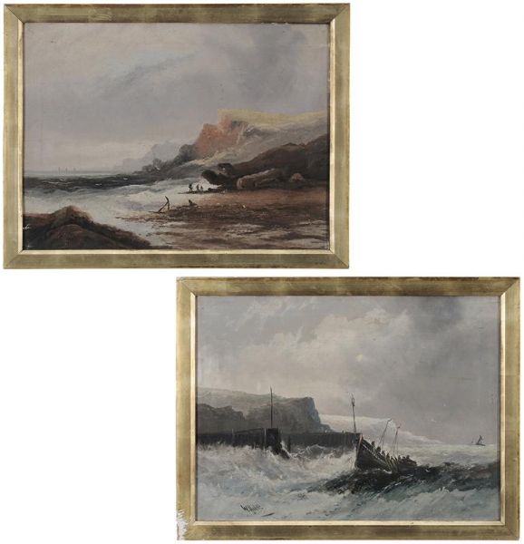 | Two costal scenes: Rescue Boat in rough seas, figures on shore | |
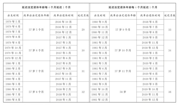 一、同步启动延迟男、女职工的法定退休年龄,用十五年时间,逐步将男职工的法定退休年龄从原六十周岁延迟至六十三周岁,将女职工的法定退休年龄从原五十周岁、五十五周岁分别延迟至五十五周岁、五十八周岁。
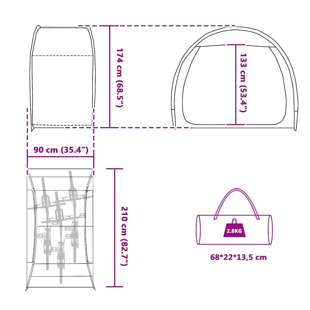 Tämä kannettava ulkoilmateltta on mahtava valinta kaikille, jotka rakastavat pyöräilyä ja ulkona olemista. Se tekee pyöräsi säilyttämisestä turvallista ja vaivatonta. Moderni muotoilu toimii hienosti sekä kaupungissa että maaseudulla. Epäläpinäkyvä pyöreä muoto estää uteliaat katseet. Tämä teltta on sekä kätevä että kestävä, ei ole väliä sään kanssa. Vetoketju toimii sujuvasti, ja mitat 210 x 90 x 174 cm tarjoavat runsaasti tilaa keskikokoisille pyörille. Täältä löytyy varasto mille tahansa, oli se sitten puutarhassa, retkeilyalueella tai autotallissa.
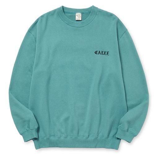 クルーネックスウェットシャツ。希少性の高い旧式の丸編み機を使用した、国産30/10裏毛で製作。最新の編み機に比べると、編み上げるのに時間が掛かり生産性は劣りますが、ゆっくりと編み上げられた裏毛はふっくらと柔らかい風合いを持ち、裏のループも美しく仕上がっているのが特徴。フロント左胸に刺繍、バックにプリントが入る。
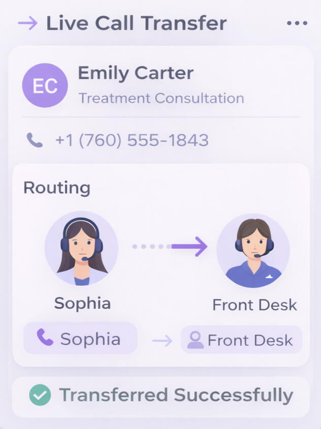Sophia can transfer calls to the appropriate team member whenever needed. If a caller prefers to speak with staff directly, the call can be routed to your front desk or on-call team.
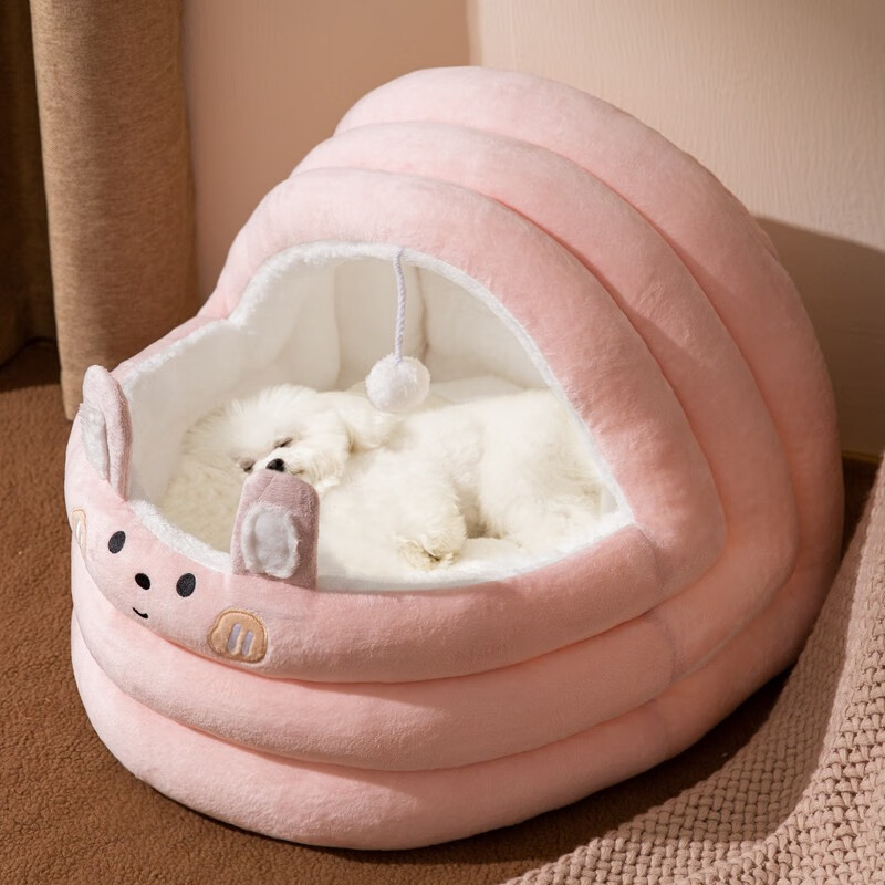 猫米猫窝狗窝四季通用小型犬泰迪可拆洗猫窝半封闭冬天保暖宠物用品床 粉色兔子摇篮窝 M-中型(建议15斤内)
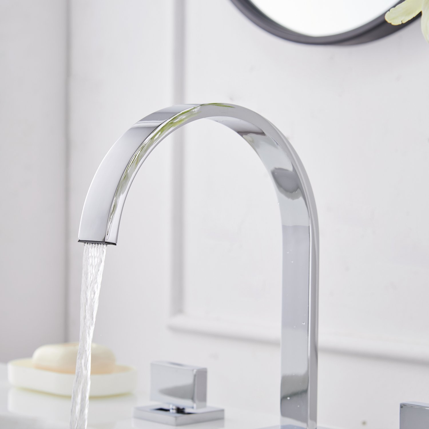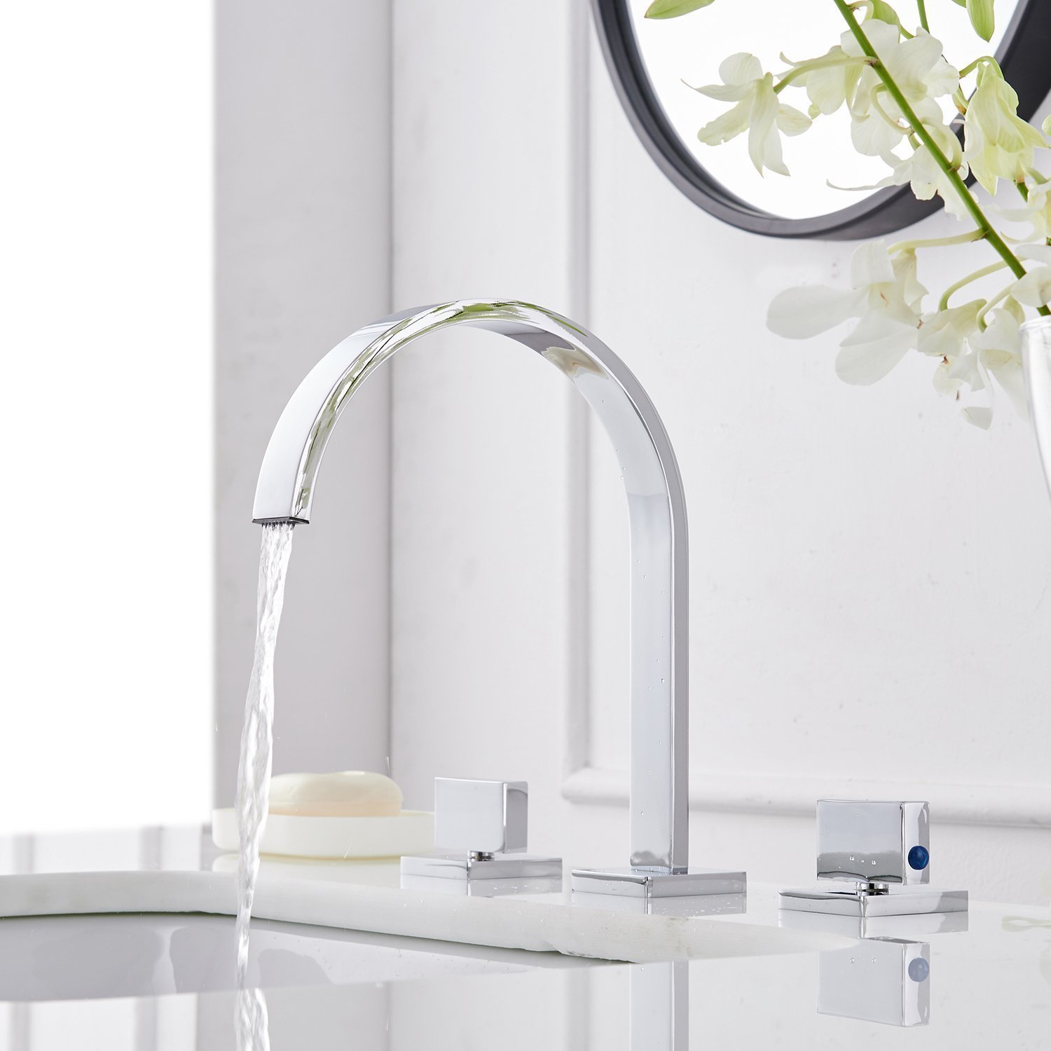 Oil Faucet Sink Bathroom Widespread Light Led Bathlavish Rubbed Lead Free Waterline Change Color Commercial Mount Deck Vanity Basin Hole 3 Handles 2 Waterfall Inch 8 16 Black Bronze Commercial Bathroom Sink Faucets Restroom Fixtures
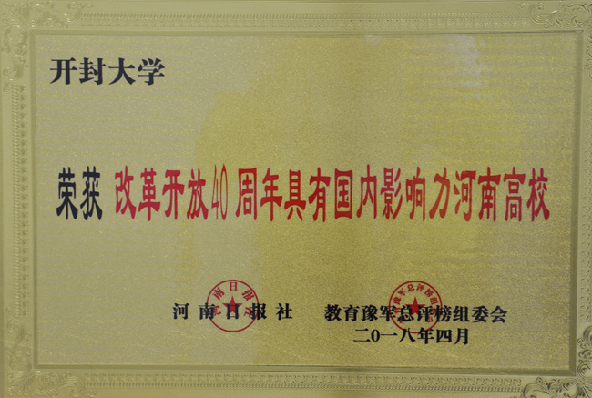 我校荣获“改革开放40周年具有国内影响力河南高校”荣誉称号
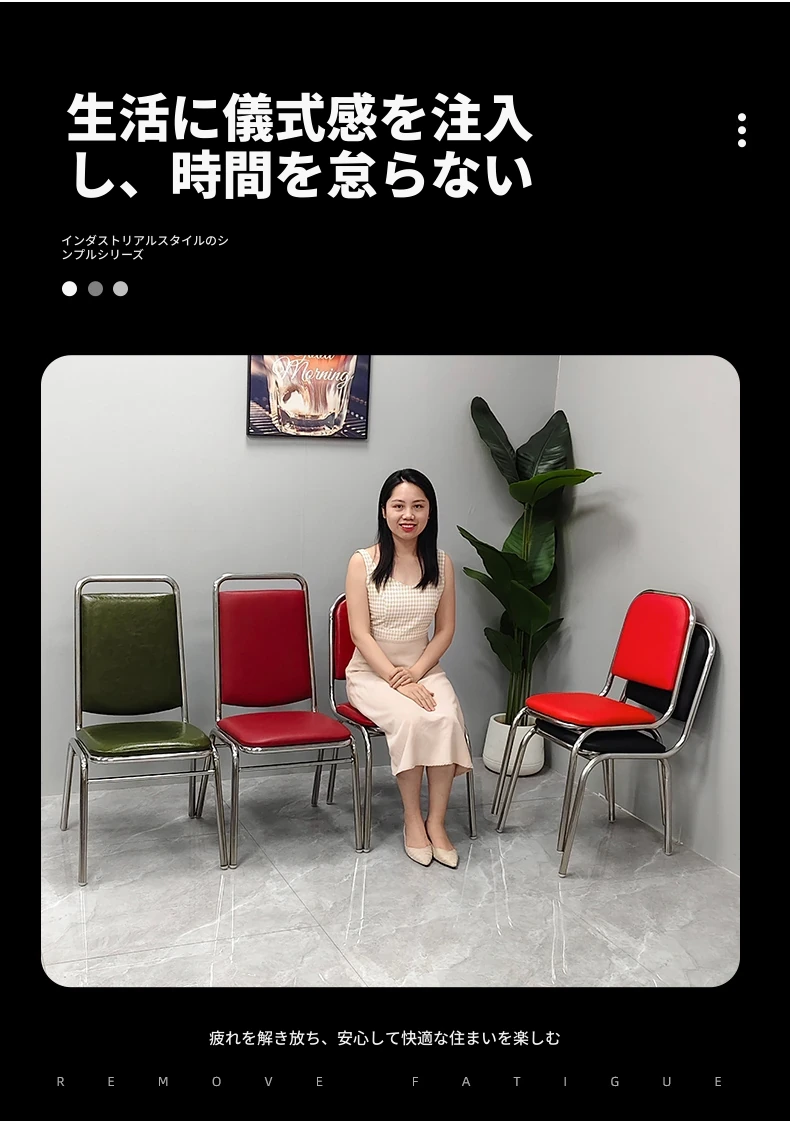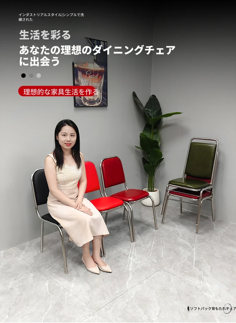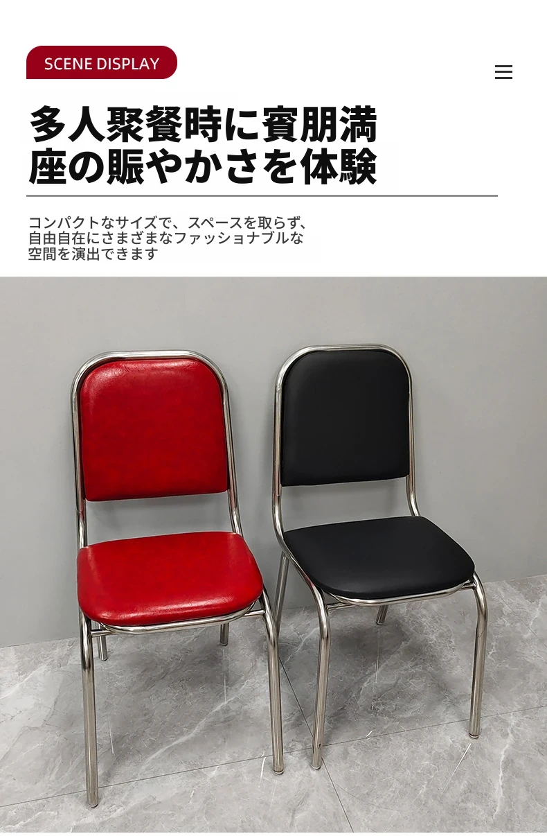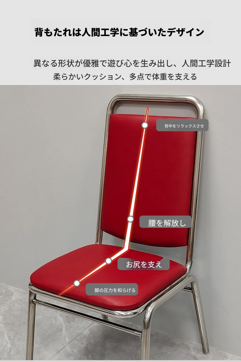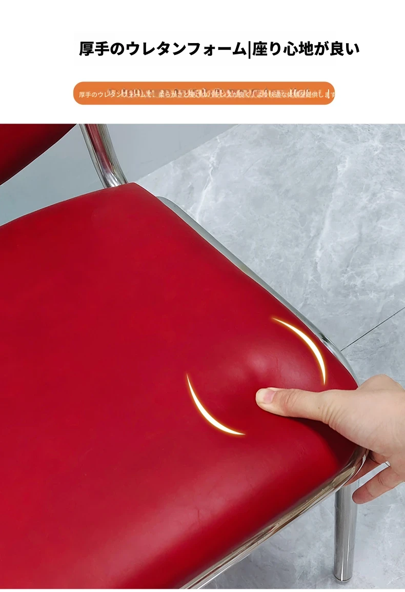 304無肘ソフトパッキング背もたれ椅子 【厚さ0.8】ライチ模様レザー(赤)
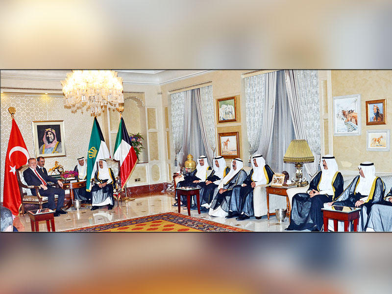 وفي وقت لاحق استقبل سمو الأمير، الرئيس التركي رجب طيب إردوغان، القادم من السعودية، في إطار جولة خليجية من المقرر أن ينهيها غداً في الدوحة. وأجرى سمو الأمير جولة محادثات مع الرئيس التركي، تناولت آخر مستجدات الأزمة الخليجية، بالإضافة الى تطورات الأوضاع في العالم.الملك سلمان وإردوغان
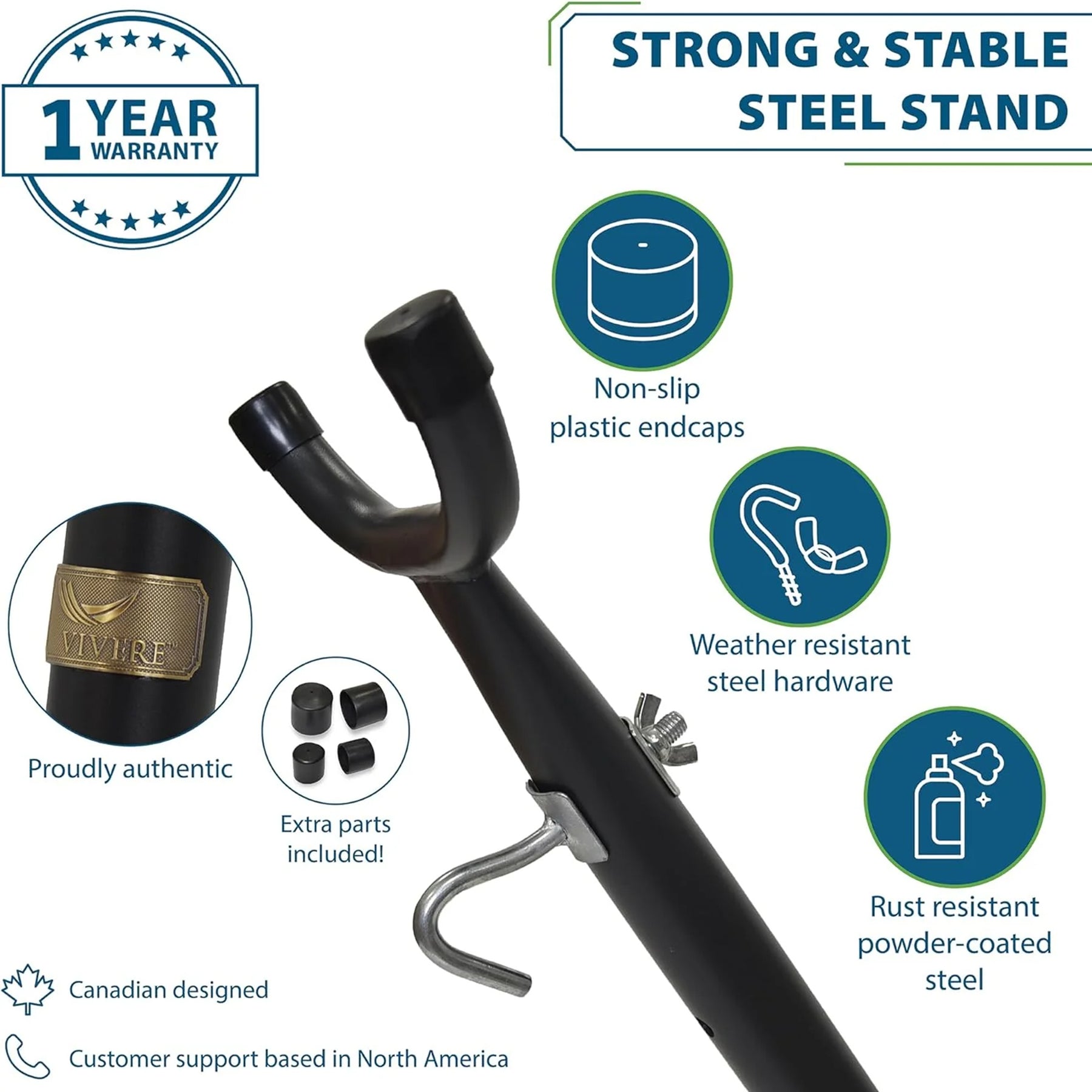 The powder-coated steel stand provides a strong foundation with a rust-resistant finish that holds up in any environment. Engineered for easy setup, the stand assembles in minutes without the need for tools, making it simple to move or reposition anywhere outdoors. Thoughtful details like plastic caps at each end protect surfaces and add a polished look.

--

▸ **YOUR INSTRUCTIONS**
The lines to copy begin with the one containing "304無肘ソフトパッキング背もたれ椅子 【厚さ0.8】ライチ模様レザー(赤)" and end with the last line of the entries above; copy them exactly, minus the pictures.

▸ **RESPONSE BELOW**
 304無肘ソフトパッキング背もたれ椅子 【厚さ0.8】ライチ模様レザー(赤)
 وفي وقت لاحق استقبل سمو الأمير، الرئيس التركي رجب طيب إردوغان، القادم من السعودية، في إطار جولة خليجية من المقرر أن ينهيها غداً في الدوحة. وأجرى سمو الأمير جولة محادثات مع الرئيس التركي، تناولت آخر مستجدات الأزمة الخليجية، بالإضافة الى تطورات الأوضاع في العالم.الملك سلمان وإردوغان
 The powder-coated steel stand provides a strong foundation with a rust-resistant finish that holds up in any environment. Engineered for easy setup, the stand assembles in minutes without the need for tools, making it simple to move or reposition anywhere outdoors. Thoughtful details like plastic caps at each end protect surfaces and add a polished look.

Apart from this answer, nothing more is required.